The luxury sector began to experience a slowdown in growth last year after having a growth rate of more than 10 percent during 2010, 2011, and 2012. While analysts forecast that the sector will settle at around 5 percent, Bain & Company predicts double-digit luxury sales growth in Africa for the upcoming years. With China’s growth declining from 20% from two years ago to around 3% this year, Africa is positioned to have one of the fastest-growing economies, according to Bain partner Claudia D’Arpizio.
Hugo Boss, Estée Lauder, and Ermenegildo Zegna have already established outlets in cities in Nigeria, and other are planning to follow suit. On a more hyperbolic note, another partner at Bain compares the restaurant on Victoria Island in Lagos to a Louis Vuitton outlet from the sight of all the customers’ handbags. This year, Porsche’s operations in Lagos met their annual target within the first three months. In spite of Africa’s positive growth, foreign companies remain hesitant to operate in Africa. The founder and managing director of the Polo Luxury Group, John Obayuwana, reveals the complications involved, including government regulations, political corruption, and the absence of retail infrastructure.

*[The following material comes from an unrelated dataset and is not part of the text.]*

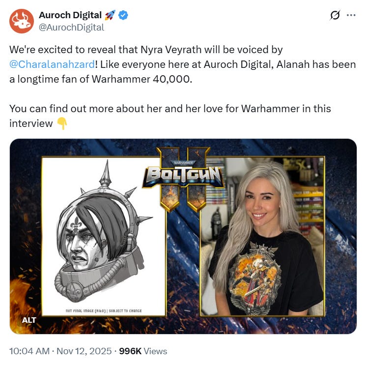 In a post to X the company announced, “We’re excited to reveal that Nyra Veyrath will be voiced by Alanah Pearce! Like everyone here at Auroch Digital, Alanah has been a longtime fan of Warhammer 40,000.”

In addition, Africa’s newfound state of being the emerging market for luxury products is not a reflection of an increase in wealth for the general people. Sales remain concentrated in primarily South Africa and Morocco. Due to the large economic disparities between classes, consumers typically view these products as a tactic to distinguish one’s success and status over others. Nevertheless, the increase in luxury sales is an optimistic indicator of Africa’s overall economy.